**What is expected**. Repeat every line of the listing below exactly, minus the pictures.

**Input data**.
----------
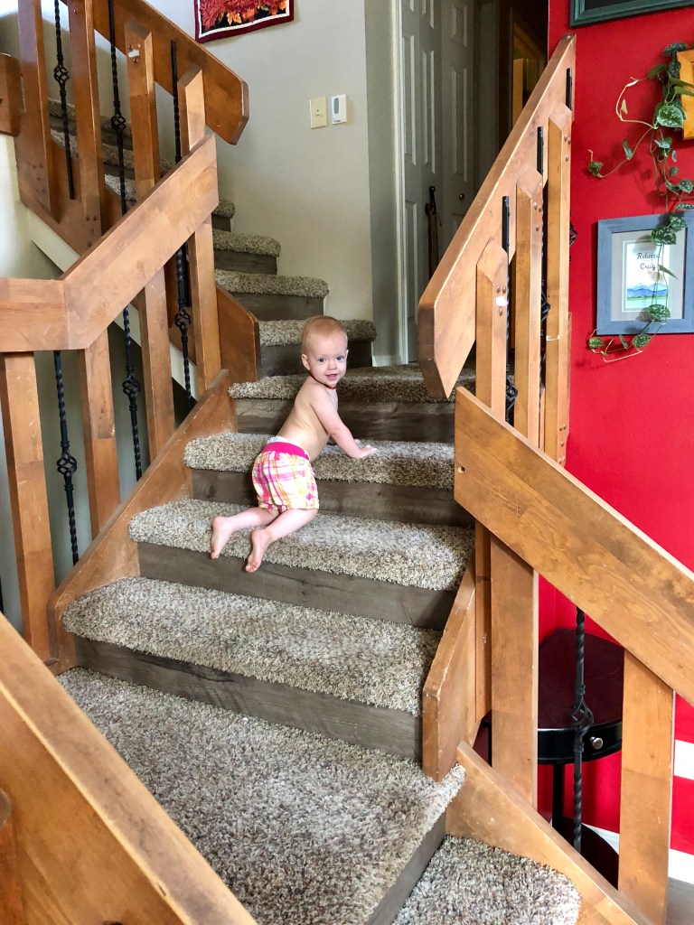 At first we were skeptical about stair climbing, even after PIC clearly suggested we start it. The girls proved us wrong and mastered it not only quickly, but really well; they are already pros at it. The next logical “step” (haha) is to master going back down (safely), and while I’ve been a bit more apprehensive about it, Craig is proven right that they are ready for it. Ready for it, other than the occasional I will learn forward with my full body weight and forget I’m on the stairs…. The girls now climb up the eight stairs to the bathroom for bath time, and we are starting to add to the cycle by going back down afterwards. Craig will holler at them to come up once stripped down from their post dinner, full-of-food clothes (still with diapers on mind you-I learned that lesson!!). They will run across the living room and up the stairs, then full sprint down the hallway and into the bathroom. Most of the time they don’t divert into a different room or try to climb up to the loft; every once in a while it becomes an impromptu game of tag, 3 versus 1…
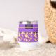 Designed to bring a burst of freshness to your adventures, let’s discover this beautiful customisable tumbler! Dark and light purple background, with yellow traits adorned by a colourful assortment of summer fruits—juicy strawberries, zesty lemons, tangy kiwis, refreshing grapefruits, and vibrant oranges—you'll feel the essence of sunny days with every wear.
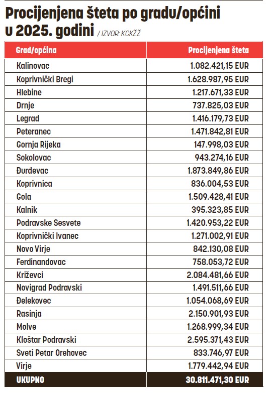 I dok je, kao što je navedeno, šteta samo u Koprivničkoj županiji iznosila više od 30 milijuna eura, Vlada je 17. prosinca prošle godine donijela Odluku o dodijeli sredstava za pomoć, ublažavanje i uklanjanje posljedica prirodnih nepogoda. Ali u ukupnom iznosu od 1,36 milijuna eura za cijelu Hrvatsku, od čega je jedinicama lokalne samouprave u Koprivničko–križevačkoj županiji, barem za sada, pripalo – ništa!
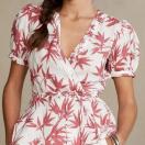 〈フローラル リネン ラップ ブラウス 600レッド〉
----------
**Solution below**.
 At first we were skeptical about stair climbing, even after PIC clearly suggested we start it. The girls proved us wrong and mastered it not only quickly, but really well; they are already pros at it. The next logical “step” (haha) is to master going back down (safely), and while I’ve been a bit more apprehensive about it, Craig is proven right that they are ready for it. Ready for it, other than the occasional I will learn forward with my full body weight and forget I’m on the stairs…. The girls now climb up the eight stairs to the bathroom for bath time, and we are starting to add to the cycle by going back down afterwards. Craig will holler at them to come up once stripped down from their post dinner, full-of-food clothes (still with diapers on mind you-I learned that lesson!!). They will run across the living room and up the stairs, then full sprint down the hallway and into the bathroom. Most of the time they don’t divert into a different room or try to climb up to the loft; every once in a while it becomes an impromptu game of tag, 3 versus 1…
 Designed to bring a burst of freshness to your adventures, let’s discover this beautiful customisable tumbler! Dark and light purple background, with yellow traits adorned by a colourful assortment of summer fruits—juicy strawberries, zesty lemons, tangy kiwis, refreshing grapefruits, and vibrant oranges—you'll feel the essence of sunny days with every wear.
 I dok je, kao što je navedeno, šteta samo u Koprivničkoj županiji iznosila više od 30 milijuna eura, Vlada je 17. prosinca prošle godine donijela Odluku o dodijeli sredstava za pomoć, ublažavanje i uklanjanje posljedica prirodnih nepogoda. Ali u ukupnom iznosu od 1,36 milijuna eura za cijelu Hrvatsku, od čega je jedinicama lokalne samouprave u Koprivničko–križevačkoj županiji, barem za sada, pripalo – ništa!
 〈フローラル リネン ラップ ブラウス 600レッド〉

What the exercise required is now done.